What do we know about the degree of underreporting of COVID-19?

Last updated: 31 March; first posted: 24 March 2020

One acute contributor to uncertainty in this crisis is that we really don’t know how many people currently have, or have previously had, COVID-19.

First, some definitions.

  • A confirmed case is, or should be, “a person with laboratory confirmation of COVID-19 infection” (as defined in WHO situation reports); but different countries apply different standards, and standards have changed over time in some countries. Confirmed cases are typically reported both on a daily and on a cumulative basis. The cumulative figure therefore also includes people who went on to recover, as well as those who went on to die, and therefore is not equal to the number of current cases.
  • The number of confirmed cases is used to calculate the widely-discussed Case Fatality Ratio (CFR), which is simply the number of deaths attributed to COVID-19 divided by the number of confirmed cases.
  • For many reasons, we should care more about the number of actual cases, whether confirmed or not.
  • And similarly, we ultimately care about the Infection Fatality Ratio (IFR) more than the CFR, which is calculated by dividing the number of deaths attributed to COVID-19 by the number of actual cases.
  • Why? When you read about the estimated final attack rate (the proportion of a given population — a country, the whole world, a family, a cruise ship — who become infected over time), and want to translate that into potential fatalities, you need to apply the IFR rather than the CFR.

Why do we think the number of confirmed cases underreports the number of actual cases?

A1: Only a small proportion of each country has been tested. I highly recommend Our World in Data’s section on testing. Here are the two key charts showing total tests and tests per million people:

[Note: since I posted this, Our World in Data withdrew their charts on testing as they no longer regard the data as reliable; see hear for an explanation. I have left these charts as the best data I’ve found so far, but they should be regarded with suspicion.]

As you can see, there’s an enormous degree of variance in testing in both absolute numbers and relative to population.

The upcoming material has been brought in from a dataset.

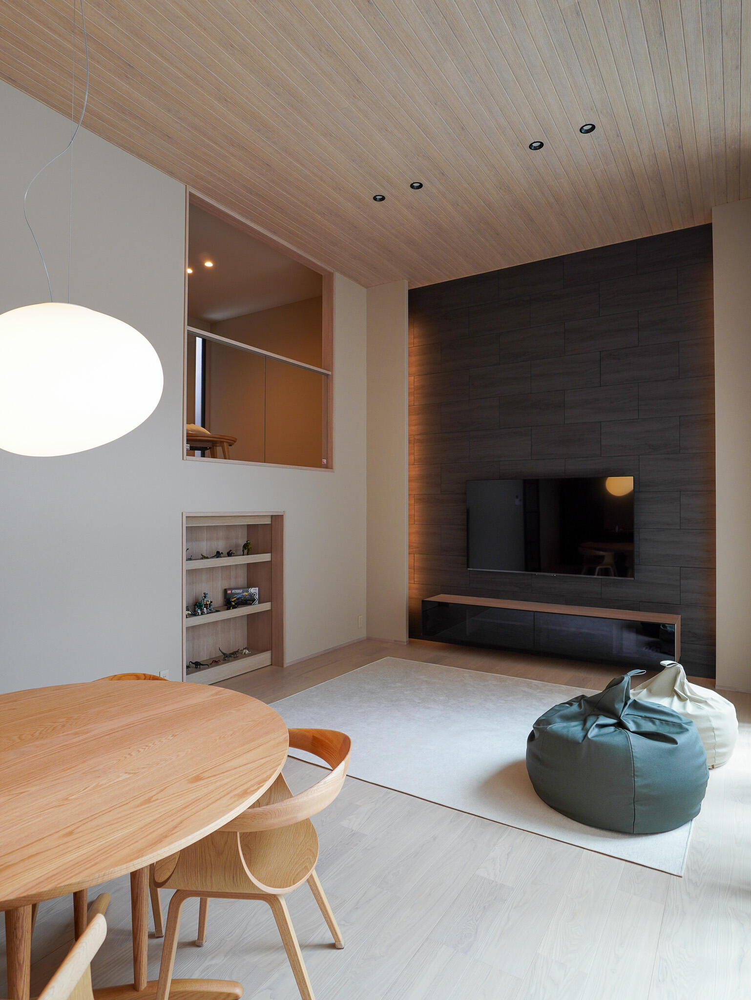 高天井の開放感あふれるリビングを中心に、趣味が詰まった秘密基地のような「蔵」、自分時間を愉しむスキップフロアを配置。個の時間を大切にしながらも互いの気配を感じられる、程よい距離感が魅力です。

In general, the lower the rate of testing per capita, the more sceptical we should be about the number of reported cases. Even South Korea has tested less than 1% of its population. But countries that test more of the population, and who aggressively test patients at risk (those presenting symptoms, self-reporting or otherwise; those who may have had contact with an infected patient; etc.) are likely reporting as confirmed cases a higher percentage of the actual cases than other countries.

What other factors impact the reported data on confirmed cases?

We’ve frequently seen both lags between testing and reporting, and inconsistent frequency of reporting by some countries. This can lead to an apparent large jump in reported cases, when several days’ worth of confirmed cases are reported all at once, which can appear to overstate the rate at which actual cases might be growing. Similarly, lags in reporting can make it appear at other periods that cases are not growing. My sense is that these issues are improving over time, with many countries falling into a regular and predictable rhythm of reporting; but I don’t know that for sure..

If a country is increasing its rate of testing, could that make it appear that cases are growing faster than they really are?

Yes! I’m so glad you asked that, because this is very likely happening and it may be hiding some of the progress that’s being made.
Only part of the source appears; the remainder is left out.